One concern expressed by Ramlawi was the need to make the surface level of the recently approved underground parking structure for the library lot as green and park-like as possible. It was a sentiment echoed by others as well, including John Floyd, who suggested four specific ways to “round off the sharper corners” of the recommended zoning changes, among them the idea of downtown park space that would not require residents to drive to outlying areas to enjoy open space.

Floyd said he also agreed with the idea expressed by Mayor John Hieftje during one of the candidate forums in the 2008 election campaign, when Hieftje suggested a 14-story height limit for downtown. Further, Floyd suggested a D2 zone around historic districts to help buffer them. And finally Floyd noted that there were no city residents who supported the D1 (core) zoning for the South University character district.

Norm Tyler

Norm Tyler displays a sketch of a possible scenario under the recommended zoning.

South University was addressed by multiple speakers, most in favor of a D2 designation for that character district, instead of the D1 that had been recommended by planning commission. The height limit of 170 feet set for the South University area was also heavily criticized, on the grounds that it had been set to accommodate a project that was now not certain would be built (601 S. Forest). A proponent of a D1 designation for South University argued based on the 2006 rezoning to the central business district, which was, she said, based on the character of the area as a core area of downtown.

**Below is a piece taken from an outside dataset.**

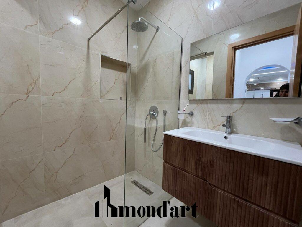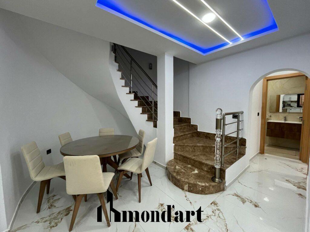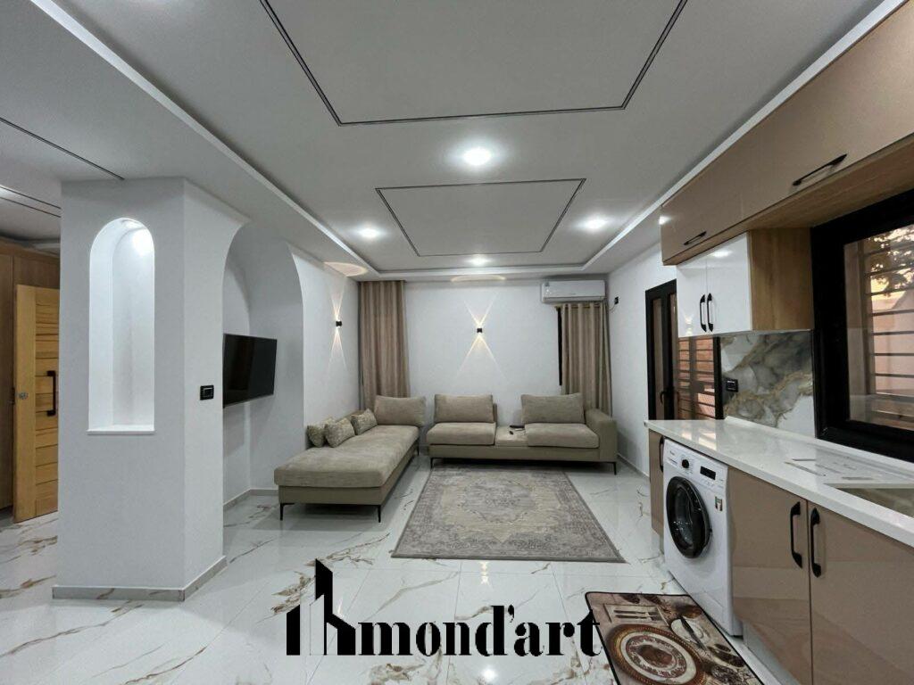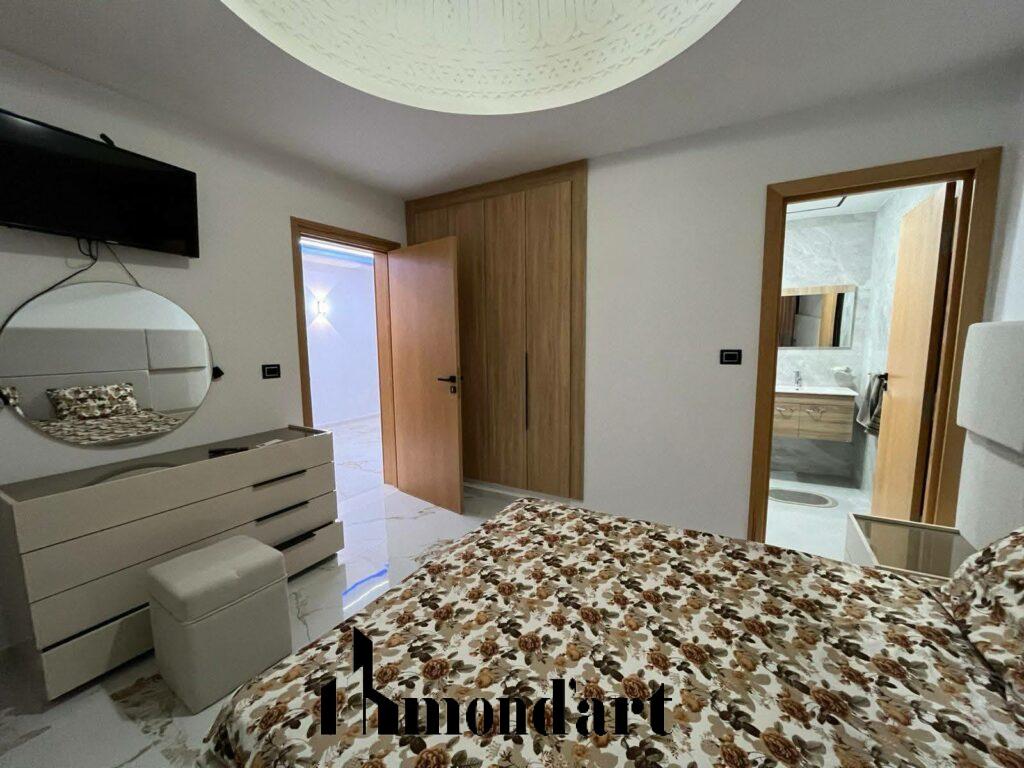 Superbe villa neuve, entièrement climatisée, située dans un quartier calme de Midoun, à seulement 10 minutes en voiture de la plage. Idéale pour une location annuelle, elle offre confort, modernité et tranquillité.
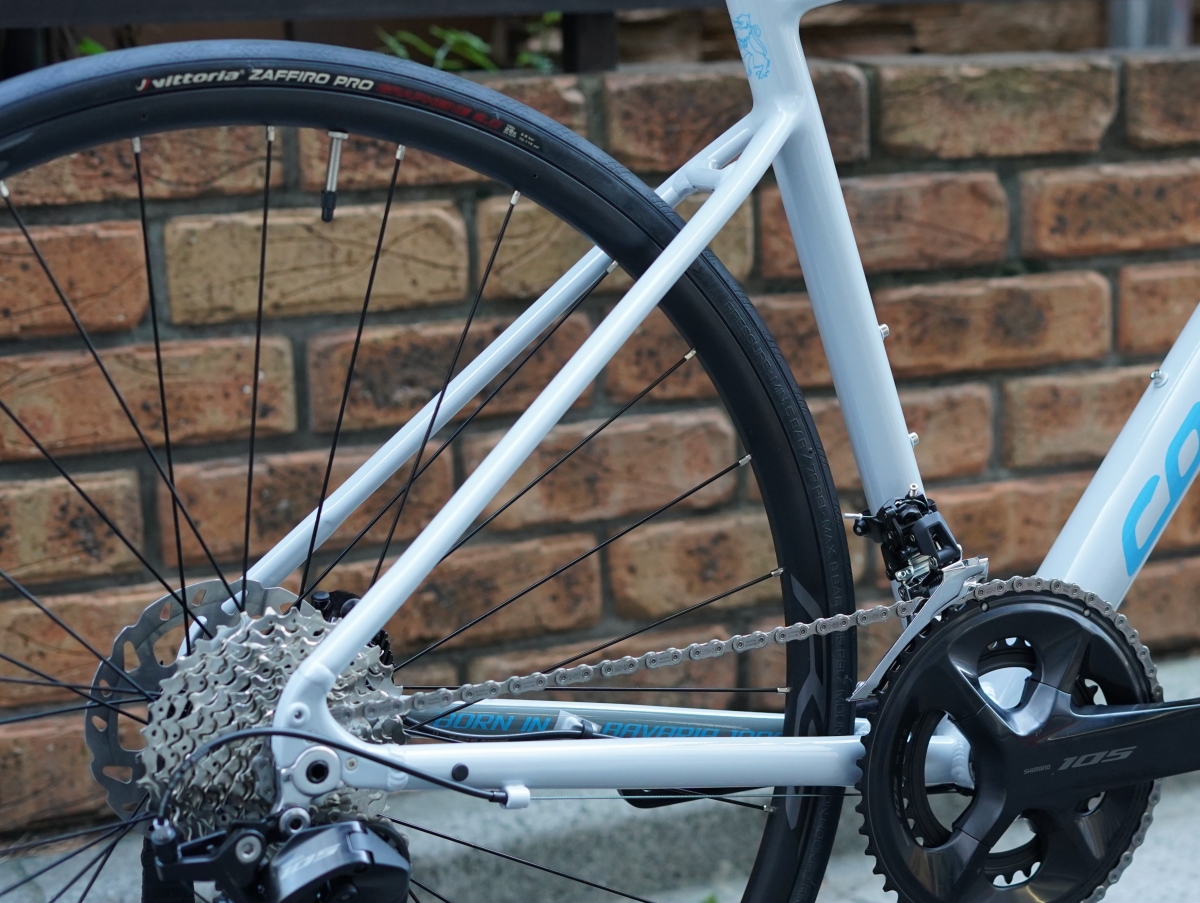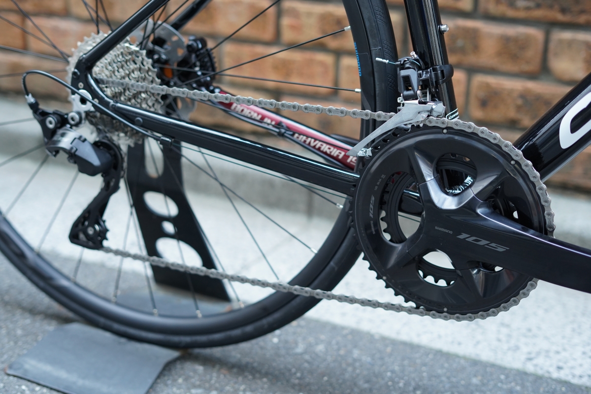 クランクまできちんと最新の105コンポーネントを採用しています。変速性能・操作感の良さが際立ちます。

The other area that was frequently addressed by speakers was the E. Huron character district. Norm Tyler, a resident who lives on Division Street between Ann and Huron streets, had developed a sketch of possible 18-story buildings that could be built along E. Huron under the zoning changes recommended by planning commission, which he displayed from the podium in poster size to councilmembers. He said that Wendy Rampson, with the city of Ann Arbor systems planning unit, had vetted the drawing as consistent with the recommended zoning. He asked councilmembers to consider some kind of protection for the historic district along Ann Street, which could come in the form of a D2 designation.

However,  several family members who jointly own property along E. Huron spoke separately in favor of a D1 designation for the E. Huron character district, based on the argument that current zoning is commercial, and that historically it had always been commercial. A designation of D2, they said, would amount to a down-zoning, and would impinge on their property rights. The compromise worked out by planning commission, they said, was fair.

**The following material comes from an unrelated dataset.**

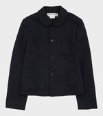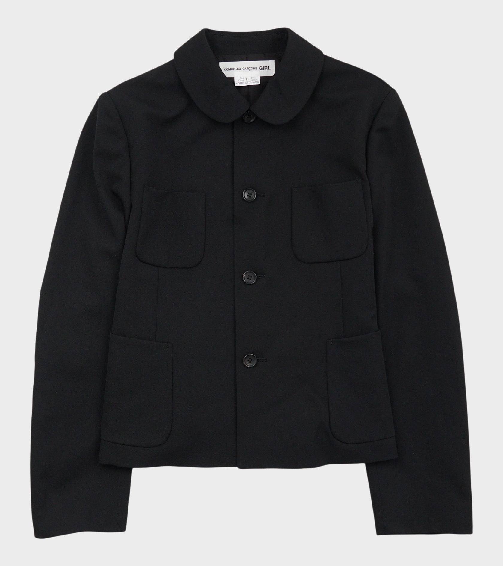 Sort blazer i uld fra Comme des Garcons Girl. Denne blazer har en rund krave, en knaplukning samt fire lommer på fronten.
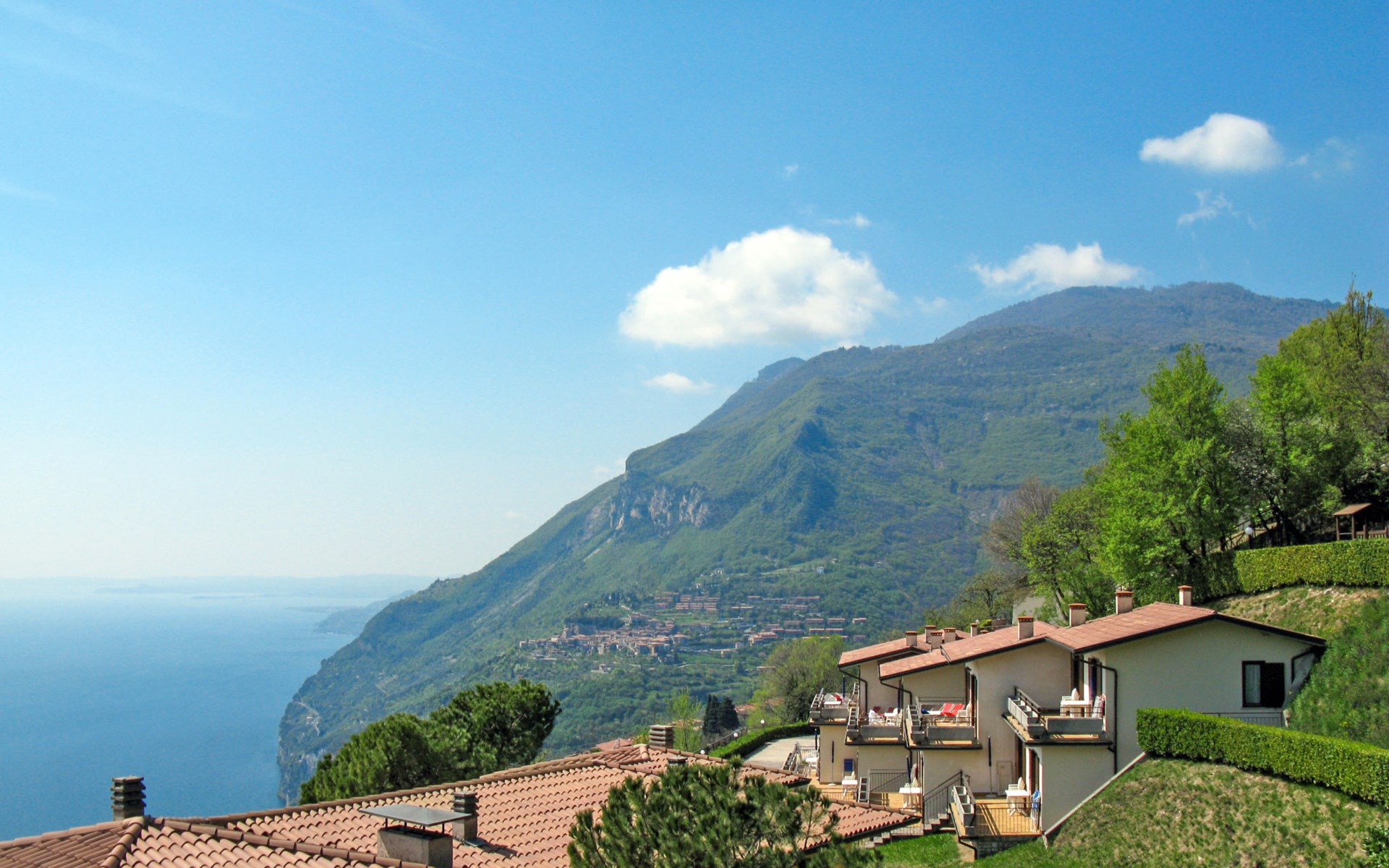 Child friendly resort "La Rotonda", 550 m a.s.l.. 80 apartments in the residence. 1.5 km from the centre of Tignale, outside the resort, 700 m from the centre of Gardola, in an elevated position on a slope, 4.5 km from the lake, 7.5 km from the beach. For shared use: property, well-kept terraced garden with plants, 2 swimming pools (18 x 7 m, seasonal availability: 15.May. - 15.Sep.). Children's pool, tennis (extra), table tennis, garden furniture. In the house: reception, restaurant, bar, lounge with TV, WiFi, sauna (extra). Fitness room, table tennis, table football, storage room for bicycles, laundry. Breakfast and half board possible on request (extra). Stepped path to the house. Parking (limited number of spaces) on the premises. Shop 1.5 km, bus stop 500 m, ferry "Toscolano-Maderno" 19 km, pebble beach "Pra de la Fam" 7.5 km. Golf course (18 hole) 13.5 km. Nearby attractions: Limone sul Garda 22 km, Salò 27 km, Brescia 62 km.

The compromise to which they referred is a stipulation in the massing requirements for the E. Huron district that reads as follows:

(2) Tower: Rear or side exterior wall of the tower shall be located no further than 150 feet from the East Huron property line and no closer than 30 feet to a lot line abutting a residential zoning district.

The intent of the provision is to push any future buildings towards Huron Street, away from Ann Street.

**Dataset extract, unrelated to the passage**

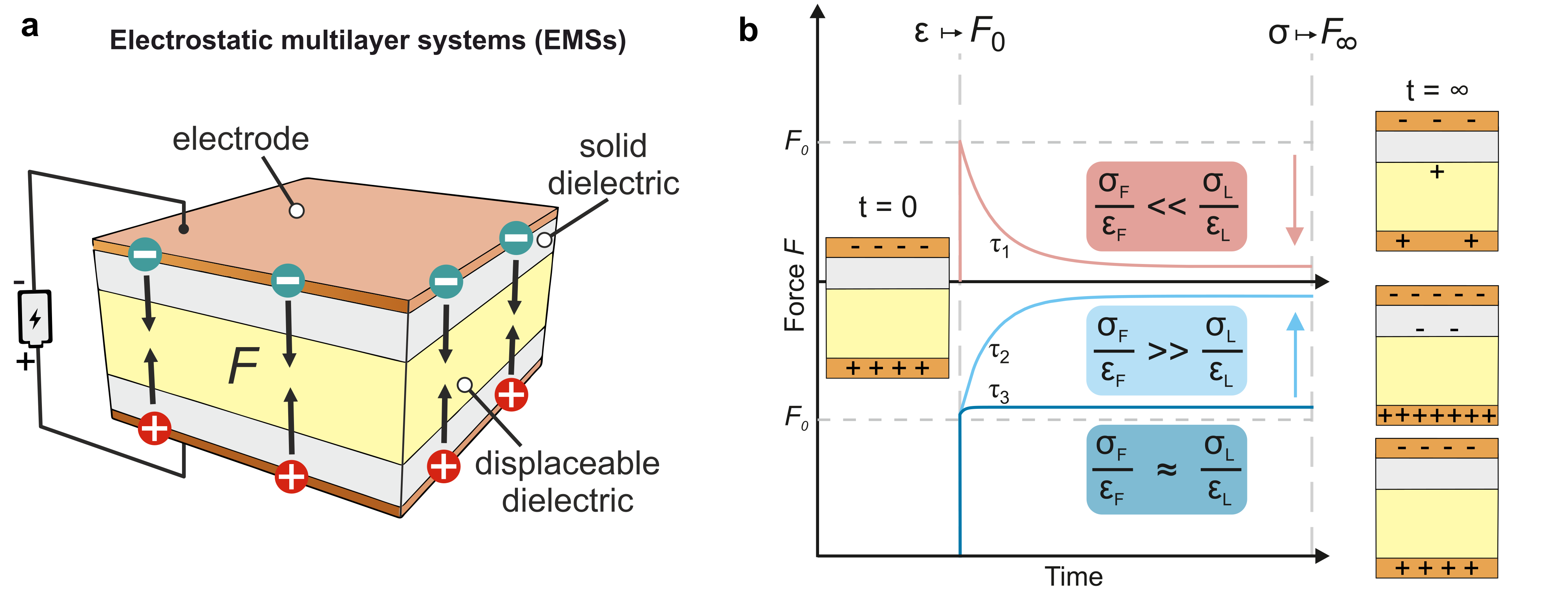 In previous works on the topic, scientists stumbled upon a heavily detrimental behavior of their EMSs prototypes: the actuation force drastically when these are driven with constant voltage. As we uncover in this work, this happens because both the insulating polymer films and especially the dielectric fluid have finite conductivity. As a result, under constant voltage conditions, the charges redistribute between different interfaces, altering the electric fields within the stacks and modifying the force. This effect, also known as Maxwell-Wagner-Sillars polarization, renders continuous quasi-static actuation (holding the force) under a constant voltage unfeasible (Fig. 1b, red curve and Fig. 2a top).
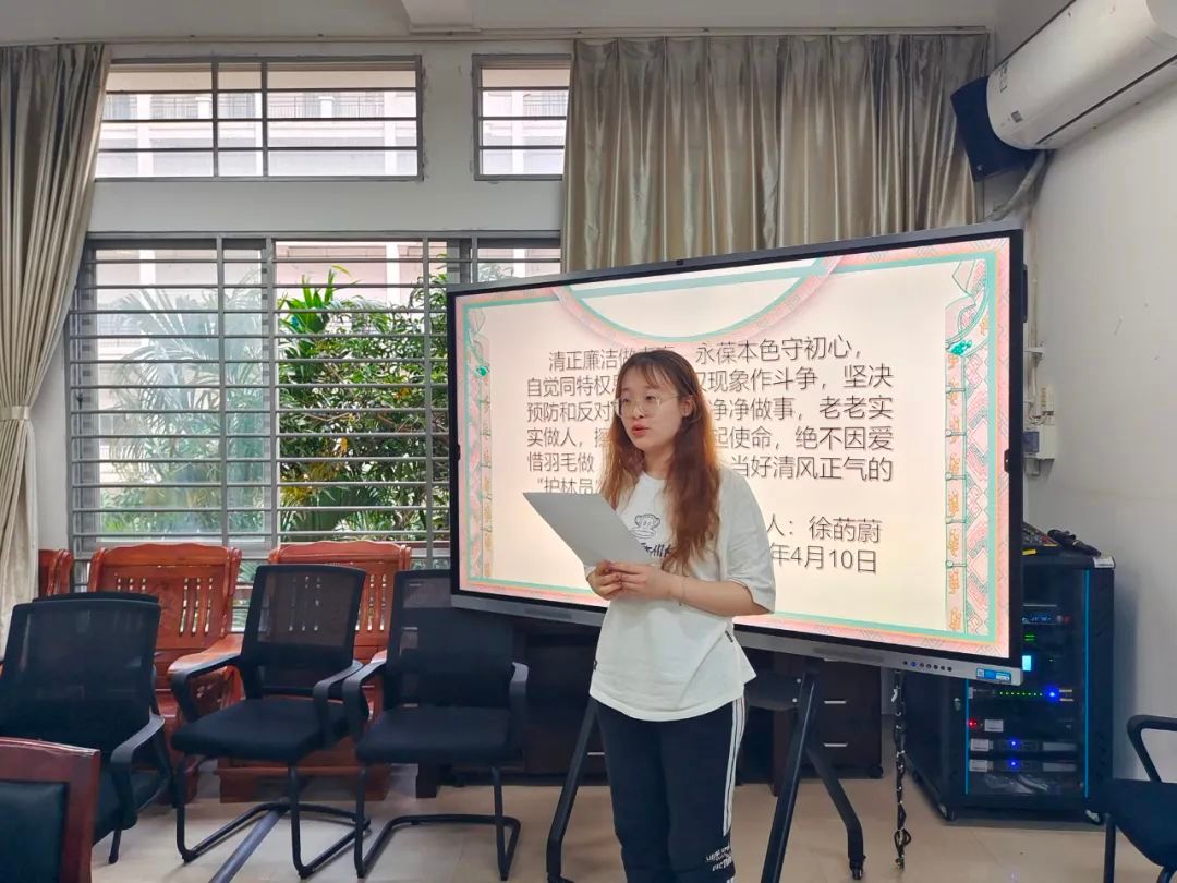为提高学生诚信廉洁的意识,肩负起国家富强、人民幸福、民族复兴的时代重任,我院于4月10日下午6:15在文B205召开廉洁主题部门例会。

Huron Street Character District

Bruce Thomson shows councilmembers how current buildings and zoning would create a "notch" if the E. Huron Street Character District were zoned D2.

More than one resident spoke in favor of increased density and development. One of those was University of Michigan senior, who described how he felt that too many of UM’s graduating seniors did not consider staying in Ann Arbor, because there was not an adequately vibrant urban downtown. Instead of staying in Ann Arbor, he said, they looked to Chicago and New York.

Besides the two character districts of South University and E. Huron Street, another focus was on the need to pass design guidlines as a part of the zoning package, or at least commit to their timely passage once the zoning was approved.

Councilmembers did not deliberate at the meeting, as it was designated only for public commentary.